The following treasury department procedures reduce both internal and external cyber threats:
- Dedicate and restrict one computer to online banking transactions; allow no Internet browsing or email exchange and ensure this computer is equipped with the latest versions and patches of both antivirus and antispyware software.
- Set up alerts to notify managers of payments initiated above a threshold amount.
- Use dual controls, requiring multiple users to initiate and release an online payment.
- Reconcile by carefully monitoring account activity and reviewing all transactions initiated by your company on a daily basis.
- Use separate accounts for electronic and paper transactions to simplify monitoring and tracking of any discrepancies.
- Set limits on vendors eligible for payment and dollar limits on those payments.
- Create customized alerts and security challenges.
- Encourage the safeguarding of user IDs and passwords, as well as the use of mobile tokens to reduce the risk of security credentials being left out in the open.
The following best practices are more inwardly focused:
- Segregate responsibilities among different employees by maintenance, entry and approval.
- Delete online user IDs as part of the exit procedure when employees leave your company.
- Assign dual system administrators for online cash management services.
- Periodically evaluate employee job functions and remove unnecessary access to online services.
- Establish transaction limits for employees who initiate and approve online payments.
FINANCIAL INSTITUTIONS: A RESOURCE AND MODEL FOR CYBER THREAT DEFENSE
Positioned on the front lines in the war against cyber fraud, financial institutions can be a helpful source of tools and guidance on security measures — both those particular to the needs of individual treasury operations, and more broadly.
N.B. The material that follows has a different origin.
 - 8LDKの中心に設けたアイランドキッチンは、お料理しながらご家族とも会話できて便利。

Basic examples of tools they can provide include ACH debit block and positive pay services, along with dual authorization for transaction initiation.
Banks use and encourage the use of a multilayered security strategy to defeat evolving security threats. That is because no single control mechanism is ultimately effective in preventing fraud.
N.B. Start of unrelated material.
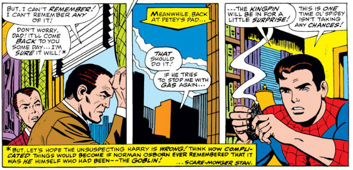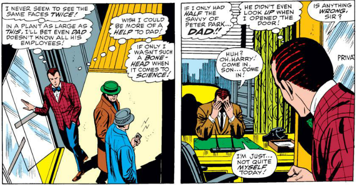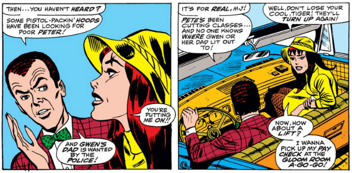 The story so far: Peter was being menaced by the Kingpin’s goons, George Stacy was brainwashed by the aforementioned Kingpin, Gwen was distraught, and MJ had a job working at a club that was secretly a front for the Kingpin’s operations. Here, let Harry fill ya in.

In their own layered strategies, institutions use both overt (visible) and covert (behind the scenes) controls to combat cyber fraud. Overt controls include user name/password, pattern log-in, tokens (including new virtual tokens that can be downloaded to a mobile phone or tablet), biometrics, consumer education, alerts and notifications.
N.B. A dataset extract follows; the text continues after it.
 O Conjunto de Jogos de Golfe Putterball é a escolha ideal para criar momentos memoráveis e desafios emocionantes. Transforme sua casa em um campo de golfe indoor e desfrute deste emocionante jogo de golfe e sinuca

Examples of covert controls, used in combination, include:
- In-session monitoring and rules management
- Negative lists (i.e., known bad computers)
- Frequent application patching and updating
- Threat intelligence collection and sharing
- Spend/deposit limits
- Email authentication and phishing defenses
To maximize security and maintain the confidence of clients, it’s critical for banks to continually review fraud trends, participate in information sharing forums focused on security, and review new threats to maintain the effectiveness of our risk-mitigation measures.
Given the rapid pace of the development of new and ever more sophisticated cyber threats, contingency plans, security policies and procedures can’t be allowed to gather dust. A popular declaration in the early 19th century, “Eternal vigilance is the price of liberty,” holds true today in many contexts, including the freedom from cyber fraud. Vigilance, combined with proactively implemented effective countermeasures and leadership from treasury managers, gives a company the best chance of keeping this growing threat in check.